The Last Sentence

The Last Sentence, Jesper Christensen, Torgny Segerstedt It was troubling to view Swedish director Jan Troell’s 2012 film (trailer) based on the experience of crusading journalist Torgny Segerstedt, so soon after the recent tragic events in Paris. Segerstedt was editor-in-chief of one of Sweden’s leading newspapers, and between 1933 when Hitler came to power and his own death in 1945, Segerstedt was a fierce opponent of Naziism, even though much of Sweden’s leadership, including the king, was determined to remain neutral and out of the war. The struggle for journalists’ right—some would say duty—to speak out despite risks to themselves and others has not ended.

Beautifully played by Jesper Christensen, Segerstedt left himself open to criticism and to the devaluing of his motivations by his long affair with a Jewish woman, wife of his publisher. Hollywood’s crusading journalists are noble and flawless (think All the President’s Men), their presumed moral authority overshadowing any rough spots in their personalities, whereas Segerstedt’s uncompromising character is pompous at times and unpleasant at others, he basks in his celebrity, and he’s downright cruel to his wife. “Easy to admire, but very hard to like,” said RogerEbert.com reviewer Glenn Kenny. Truth told, he loves his dogs best.

Producing this film in black and white may have symbolic significance or may be just the preferred Scandinavian style—the film is Swedish, after all. In another Bergman-like touch, Segerstedt sees and converses with the black-clad ghosts of his mother and other women. Slow-moving, like the clear stream (of words?) against which the opening and closing credits appear, there is only a fleeting soundtrack to support the action.

The film left me with a lot of unanswered questions. What happened with his writing? When the authorities demanded that a particular edition not be distributed because of its anti-Nazi editorial (which suggests they had imposed some censorship regime), Segerstedt printed it with a big white space where the editorial would have been. Nice. But we never learn whether he was allowed to continue writing after that (or how he was stopped) until a scene that takes place years later. How did the war affect the Swedish people? There’s little hint of that, beyond putting up blackout curtains. It seems they had electricity, they had food, petrol, champagne at New Year’s. It’s primarily the awareness of Nazi behavior that the viewer brings to the film that explains and justifies both Segerstedt’s simmering outrage and his country’s policy of appeasement. He and his mistress both have suicide plans, if it came to that, but in the absence of any tangible, on-screen threat, their preparations seem self-dramatizing and almost childish.

Segerstedt in a sense provides his own epitaph, which is also the Swedish title of the movie—“Judgment on the Dead”— based on a line from a famous Old Norse poem, which says the judgment on the dead is everlasting.

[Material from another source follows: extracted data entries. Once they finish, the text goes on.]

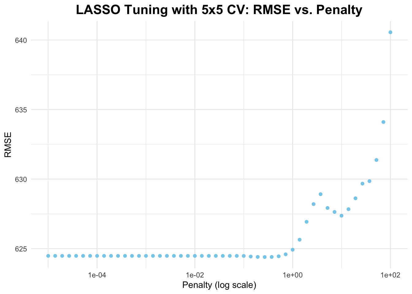 # create 5x5 cross-validation objectcv_folds <-vfold_cv(data, v =5, repeats =5)# tune LASSO model using CVlasso_cv_results <-tune_grid( lasso_workflow,resamples = cv_folds,grid =tibble(penalty = penalty_grid),metrics =metric_set(rmse),control =control_grid(save_pred =TRUE))# resultslasso_cv_results_df <-collect_metrics(lasso_cv_results)# plot resultsggplot(lasso_cv_results_df, aes(x = penalty, y = mean)) +geom_point(color ="skyblue") +scale_x_log10() +labs(title ="LASSO Tuning with 5x5 CV: RMSE vs. Penalty",x ="Penalty (log scale)",y ="RMSE") +theme_minimal() +theme(plot.title =element_text(hjust =0.5, face ="bold", size =16) )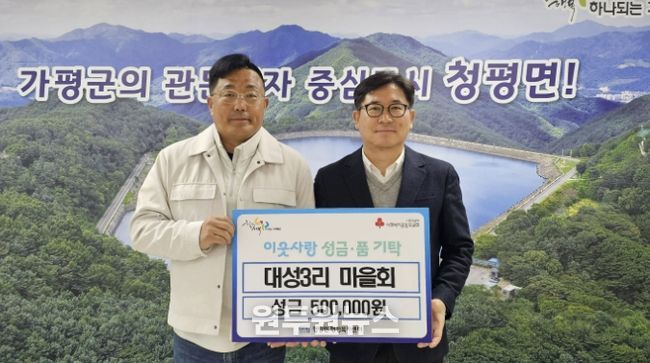 이번 성금은 지역 내 어려운 이웃을 돕기 위해 대성3리 주민들이 뜻을 모아 마련한 것으로, 청평면 내 취약계층 지원에 사용될 예정이다.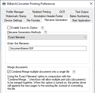 Using the Exact Filename or the Use the document name option in conjunction with the Combine/Merge… checkbox allows multiple print jobs (documents) to be merged together. When this option is turned on, the printer driver merges the new pages to the existing file instead of overwriting the file.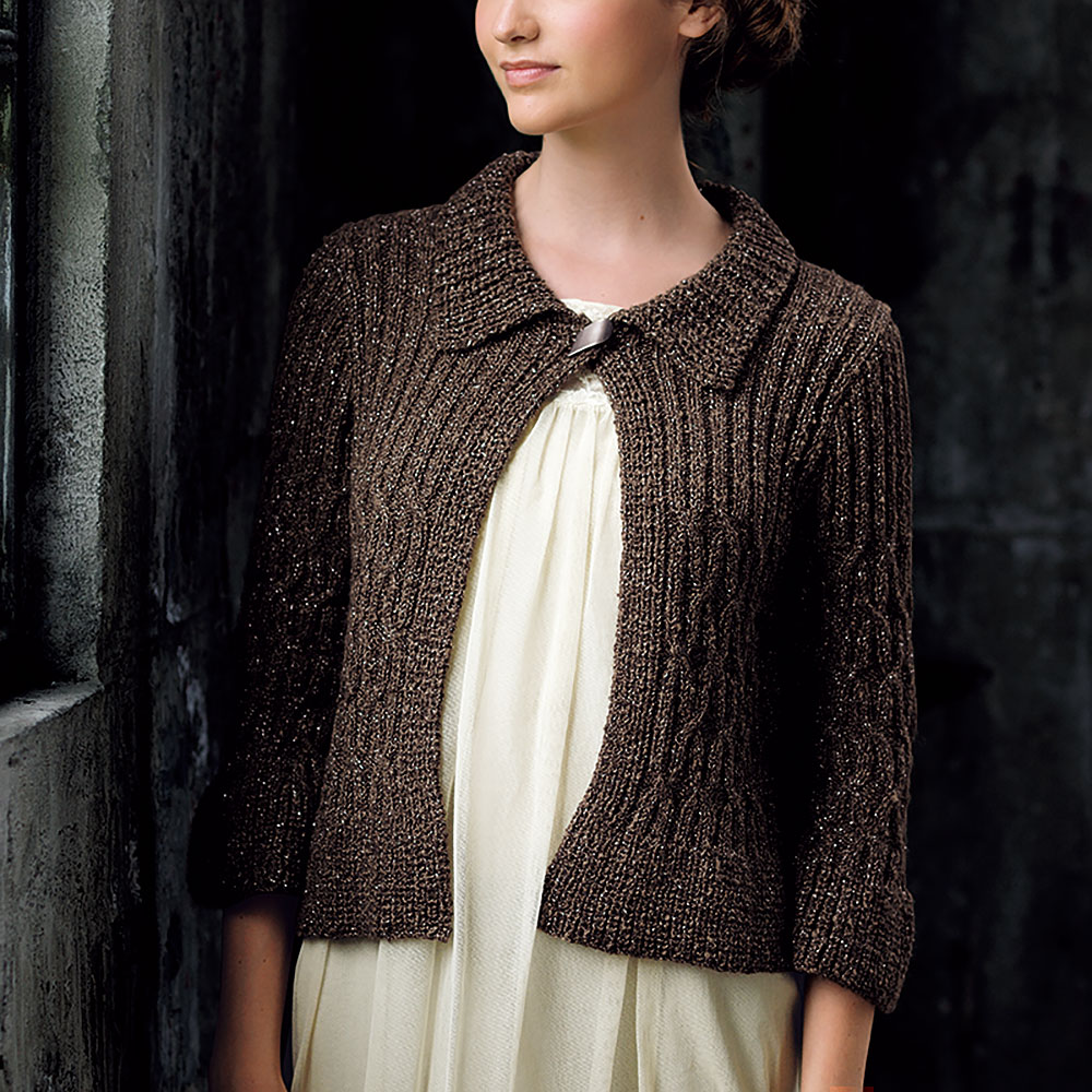 シルクの光沢とモヘヤとラメが醸し出すお洒落な糸で編んだワンボタンの衿付きジャケット。リブ編みを変化させてシルエットを表現しています。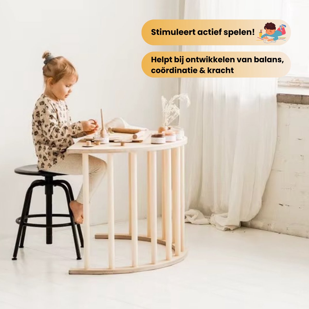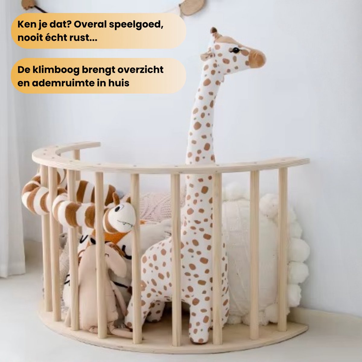 Deze veelzijdigheid betekent dat je één meubelstuk koopt dat meerdere speelsituaties dekt. In de praktijk bespaart dat ruimte en geld: je kind kan klimmen en balansoefeningen doen, rustig wiegen als schommelstoel, aan tafel kleuren of de boog gebruiken om speelgoed te organiseren. Dit maakt de klimboog geschikt voor zowel vrij spel als gerichte ontwikkelingsactiviteiten.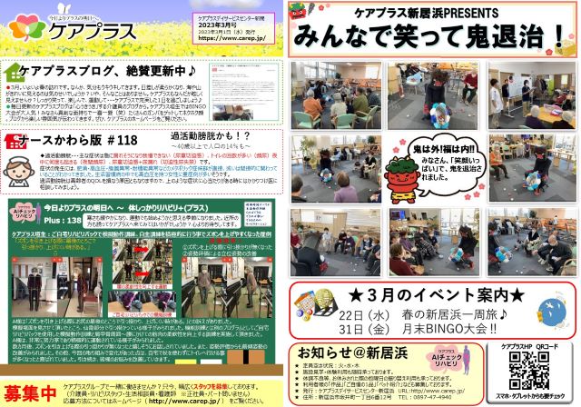 さて今回のケアプラス新聞では、2月3日に開催したイベント「みんなで笑って鬼退治♪」をご紹介します。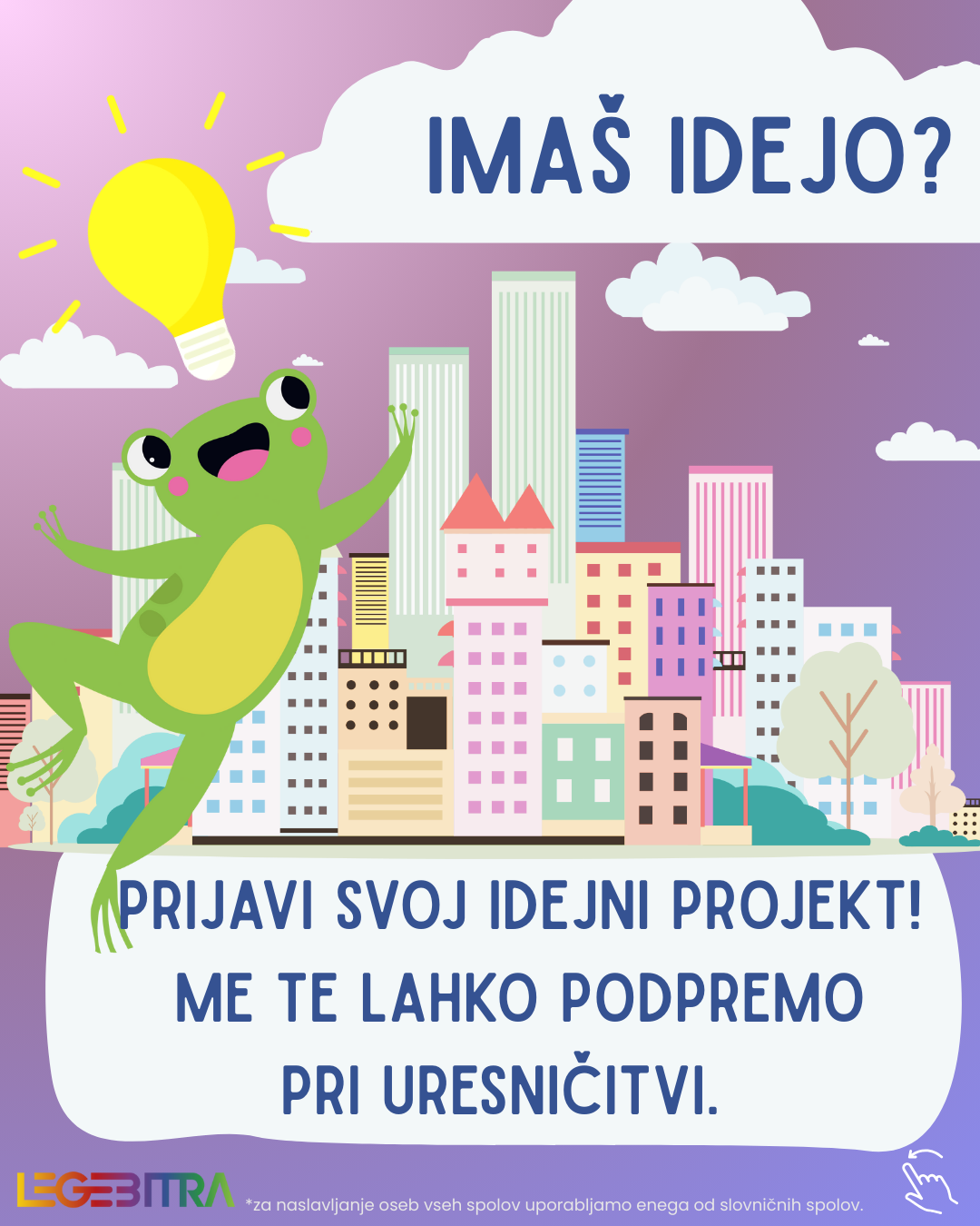 Natečaj Mlade za mlade Društva Legebitra je priložnost, da osebe v starosti med 14 in 29 let pridobijo sredstva za uresničitev svoje ideje, obenem pa soustvarjajo program za mlade LGBTIQ+ osebe.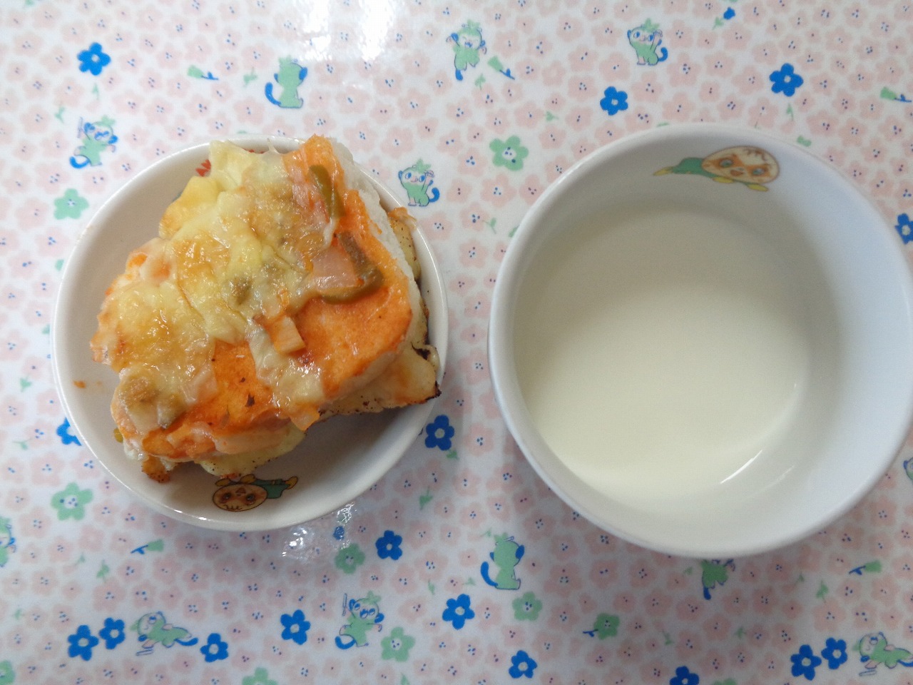 おやつは『米粉パンのピザトースト・牛乳』でした🍕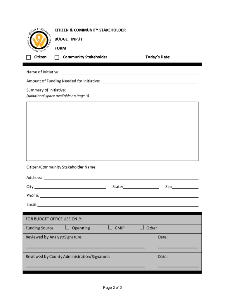 2021 Citizen & Community Stakeholder Budget Input Form Prepared by the Budget Officialese RETURN TO:Unified Government Budget Office Density Bush 701 N. 7th Street, Suite 510 Kansas City, KS 66101

History’s judgment on Segerstedt would be that he was of course right about the Nazis. And if, as the King believed, it would have been his fault if the Germans invaded the country, he would have been among the first to die. NPR’s Ella Taylor called the film “A richly detailed portrait of a great man riddled with flaws and undone by adulation.” Rotten Tomatoes critics rating 76%, audience score 44%.